As mentioned, the first objective is to maintain only the high-level code. Hence, the transcoding task is processed with as much automation as possible with limited manual adjustments. This is, for example, the case with vectors elements that are not accepted in conditional tests such as “if.” Some native Matlab functions require the input variables to be known a priori for generating the transcoded program. Sometimes, complex function such as filtfilt used on a whole-window dataset can be replaced by easier ones like mean or median on smaller sliding windows. The most complex case is when native Matlab functions are not supported by automatic transcoding toolbox as it is the case for Hilbert function [25]. All manual adjustments shall be uploaded and integrated in the high-level code to ease the software maintenance.

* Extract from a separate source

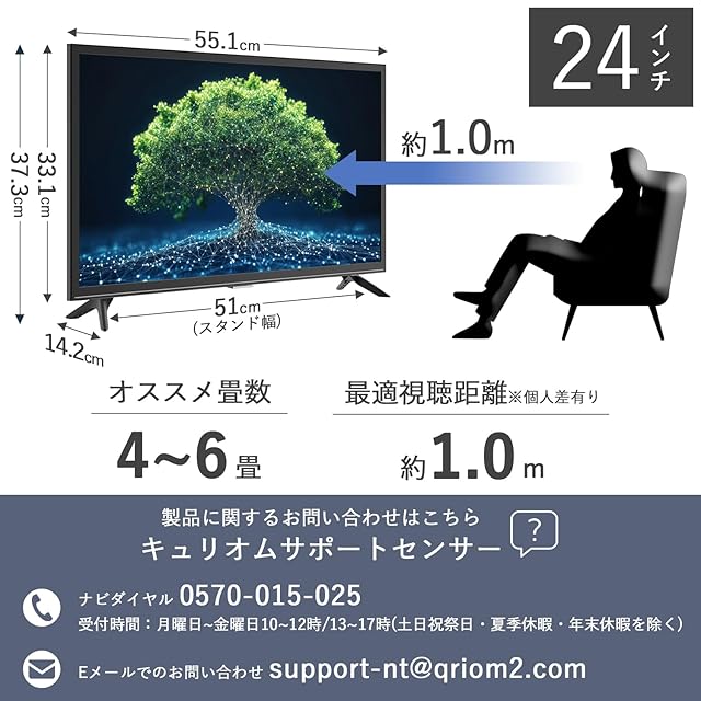 ✅【商品仕様】◇本体寸法(幅×奥行×高さ):[スタンドなし]551.4×83.8×331.1mm [スタンドつき]551.4×142.2×372.9mm ◇本体質量:[スタンドなし]2.5kg [スタンドつき]2.6kg ◇画面サイズ:24V型 ◇解像度:1366×768 ◇コントラスト比:3000:1 ◇視野角(最小値):左右=約178°/上下=約178° ◇応答速度:8.5ms ◇音声出力(スピーカー):3W+3W ◇チューナー:地上デジタル×2、BS、110度CSデジタル×2(ダブルチューナー)※1つは視聴専用・2番組同時録画は非対応 ◇壁掛け寸法:VESA規格200×100mm ◇定格電源:AC100V(50/60Hz) ◇消費電力:40W ◇HDMI:HDMI Ver.1.4a×2 CEC機能に対応※HDMI入力1のみARCに対応 ◇USB端子:USB2.0×2 ◇付属品:リモコン、リモコン用単4形乾電池×2(動作確認用)、miniB-CASカード、miniAV交換アダプター、スタンド、スタンド固定ネジ×4、書付き取扱説明書

Secondly, simplicity shall be targeted. Because the toolbox can produce numerous files, which depend on the options selected for transcode in C/C++, a static or dynamic library is first generated and added to the project to simplify the implementation of the generated code. The function is finally called with all input/output data properly initialized.

It is also important to deploy a validation process. Because transcoding can lead to some unexpected behaviour, each output of a transcoded library shall be compared to the output of its original high-level part. It is even recommended to deploy an automatic validation process.

3.2.3. Choice of the Hardware Platform

Once the original code has been transcoded, an appropriate CPU has to be found to run the latter. Many powerful electronic boards of small size have been developed for the Internet of Things. They offer different options that must be benchmarked to evaluate their good functioning for the computation costs of the positioning and navigation algorithms. As shown in ‎Figure 13, this is performed by measuring the computation time and deriving both the CPU load and idle periods. This defines the choice of the actual electronic board and future developments of the platform in terms of novel algorithm.

A key element is the form factor of the casing which hosts the complete system. Its dimensions are related to the battery choice. A compromise must be found between its size and the battery life. Today, LiPo (lithium polymer) batteries offer very interesting capacities in small volumes. For example, an analysis in terms of consumption of the quad-core CPU and MEMS and HSGNSS embedded sensors shows 0.9 to 1.1 W consumption. A 850 mA·h battery would provide autonomy of approximately 2.5 h.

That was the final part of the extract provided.